Exercise data>
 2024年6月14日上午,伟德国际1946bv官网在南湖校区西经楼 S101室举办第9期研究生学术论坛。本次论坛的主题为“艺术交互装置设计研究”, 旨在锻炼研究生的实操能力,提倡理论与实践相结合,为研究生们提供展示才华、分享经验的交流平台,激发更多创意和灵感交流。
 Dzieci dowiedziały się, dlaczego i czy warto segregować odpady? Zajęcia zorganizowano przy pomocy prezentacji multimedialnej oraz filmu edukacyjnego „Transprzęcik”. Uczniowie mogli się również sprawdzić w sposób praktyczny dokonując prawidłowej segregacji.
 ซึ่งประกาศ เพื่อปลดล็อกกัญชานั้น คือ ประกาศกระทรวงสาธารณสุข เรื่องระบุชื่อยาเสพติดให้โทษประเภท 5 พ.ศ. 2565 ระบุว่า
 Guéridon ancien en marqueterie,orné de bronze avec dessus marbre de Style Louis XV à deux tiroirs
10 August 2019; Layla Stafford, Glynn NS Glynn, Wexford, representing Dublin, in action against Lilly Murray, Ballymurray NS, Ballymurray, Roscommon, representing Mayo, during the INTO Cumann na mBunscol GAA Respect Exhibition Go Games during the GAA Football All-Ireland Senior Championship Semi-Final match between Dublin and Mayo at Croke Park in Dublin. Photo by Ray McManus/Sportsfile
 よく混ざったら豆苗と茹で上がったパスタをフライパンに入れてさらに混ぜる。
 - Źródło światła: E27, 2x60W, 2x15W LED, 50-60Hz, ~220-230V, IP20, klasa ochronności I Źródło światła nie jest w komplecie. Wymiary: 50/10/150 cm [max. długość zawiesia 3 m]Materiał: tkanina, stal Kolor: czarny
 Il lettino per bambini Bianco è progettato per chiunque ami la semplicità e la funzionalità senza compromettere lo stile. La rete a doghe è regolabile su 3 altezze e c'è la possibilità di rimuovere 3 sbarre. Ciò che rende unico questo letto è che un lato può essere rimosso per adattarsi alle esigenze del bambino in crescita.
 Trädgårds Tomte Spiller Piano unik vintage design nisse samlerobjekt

What you are asked to do> Everything in the listing should be transcribed exactly.

Task result>
 2024年6月14日上午,伟德国际1946bv官网在南湖校区西经楼 S101室举办第9期研究生学术论坛。本次论坛的主题为“艺术交互装置设计研究”, 旨在锻炼研究生的实操能力,提倡理论与实践相结合,为研究生们提供展示才华、分享经验的交流平台,激发更多创意和灵感交流。
 Dzieci dowiedziały się, dlaczego i czy warto segregować odpady? Zajęcia zorganizowano przy pomocy prezentacji multimedialnej oraz filmu edukacyjnego „Transprzęcik”. Uczniowie mogli się również sprawdzić w sposób praktyczny dokonując prawidłowej segregacji.
 ซึ่งประกาศ เพื่อปลดล็อกกัญชานั้น คือ ประกาศกระทรวงสาธารณสุข เรื่องระบุชื่อยาเสพติดให้โทษประเภท 5 พ.ศ. 2565 ระบุว่า
 Guéridon ancien en marqueterie,orné de bronze avec dessus marbre de Style Louis XV à deux tiroirs
10 August 2019; Layla Stafford, Glynn NS Glynn, Wexford, representing Dublin, in action against Lilly Murray, Ballymurray NS, Ballymurray, Roscommon, representing Mayo, during the INTO Cumann na mBunscol GAA Respect Exhibition Go Games during the GAA Football All-Ireland Senior Championship Semi-Final match between Dublin and Mayo at Croke Park in Dublin. Photo by Ray McManus/Sportsfile
 よく混ざったら豆苗と茹で上がったパスタをフライパンに入れてさらに混ぜる。
 - Źródło światła: E27, 2x60W, 2x15W LED, 50-60Hz, ~220-230V, IP20, klasa ochronności I Źródło światła nie jest w komplecie. Wymiary: 50/10/150 cm [max. długość zawiesia 3 m]Materiał: tkanina, stal Kolor: czarny
 Il lettino per bambini Bianco è progettato per chiunque ami la semplicità e la funzionalità senza compromettere lo stile. La rete a doghe è regolabile su 3 altezze e c'è la possibilità di rimuovere 3 sbarre. Ciò che rende unico questo letto è che un lato può essere rimosso per adattarsi alle esigenze del bambino in crescita.
 Trädgårds Tomte Spiller Piano unik vintage design nisse samlerobjekt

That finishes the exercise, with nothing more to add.